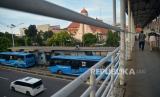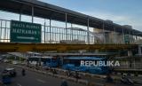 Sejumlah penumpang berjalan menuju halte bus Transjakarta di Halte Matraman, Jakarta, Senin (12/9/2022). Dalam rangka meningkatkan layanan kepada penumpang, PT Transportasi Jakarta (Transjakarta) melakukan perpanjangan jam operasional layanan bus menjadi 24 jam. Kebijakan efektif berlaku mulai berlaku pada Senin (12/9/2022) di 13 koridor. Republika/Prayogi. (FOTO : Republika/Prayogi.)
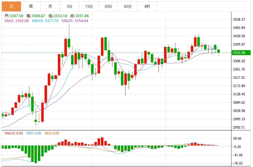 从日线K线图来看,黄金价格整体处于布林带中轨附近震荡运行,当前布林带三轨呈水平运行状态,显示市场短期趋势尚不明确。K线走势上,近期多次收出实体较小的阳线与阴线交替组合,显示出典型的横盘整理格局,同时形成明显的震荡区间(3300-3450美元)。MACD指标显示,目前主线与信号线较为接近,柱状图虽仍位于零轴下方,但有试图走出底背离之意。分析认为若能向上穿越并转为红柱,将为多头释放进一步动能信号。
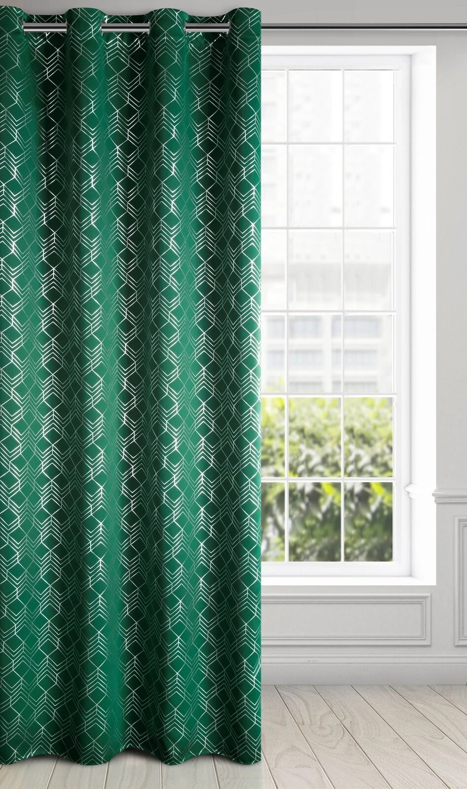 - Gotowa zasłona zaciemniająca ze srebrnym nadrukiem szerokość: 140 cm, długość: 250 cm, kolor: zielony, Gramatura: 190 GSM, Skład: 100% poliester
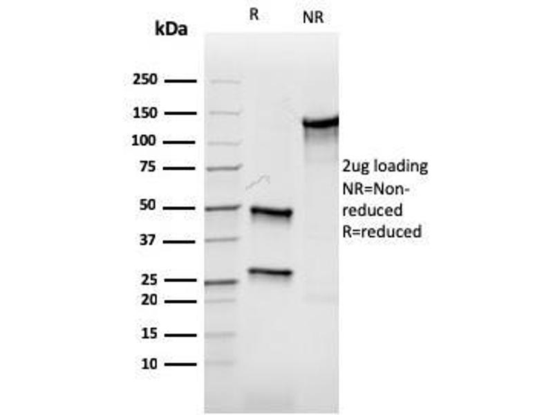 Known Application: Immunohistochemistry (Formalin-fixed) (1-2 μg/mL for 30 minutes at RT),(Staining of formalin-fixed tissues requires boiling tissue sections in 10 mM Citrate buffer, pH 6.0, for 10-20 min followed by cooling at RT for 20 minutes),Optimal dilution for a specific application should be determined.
┄┄┄┄┄┄
> **Work order**
Once the line with "从日线K线图来看,黄金价格整" is found, write out that line and every later line of the listing above exactly, through the last one, and skip any pictures.

> **Answer to the exercise**
 从日线K线图来看,黄金价格整体处于布林带中轨附近震荡运行,当前布林带三轨呈水平运行状态,显示市场短期趋势尚不明确。K线走势上,近期多次收出实体较小的阳线与阴线交替组合,显示出典型的横盘整理格局,同时形成明显的震荡区间(3300-3450美元)。MACD指标显示,目前主线与信号线较为接近,柱状图虽仍位于零轴下方,但有试图走出底背离之意。分析认为若能向上穿越并转为红柱,将为多头释放进一步动能信号。
 - Gotowa zasłona zaciemniająca ze srebrnym nadrukiem szerokość: 140 cm, długość: 250 cm, kolor: zielony, Gramatura: 190 GSM, Skład: 100% poliester
 Known Application: Immunohistochemistry (Formalin-fixed) (1-2 μg/mL for 30 minutes at RT),(Staining of formalin-fixed tissues requires boiling tissue sections in 10 mM Citrate buffer, pH 6.0, for 10-20 min followed by cooling at RT for 20 minutes),Optimal dilution for a specific application should be determined.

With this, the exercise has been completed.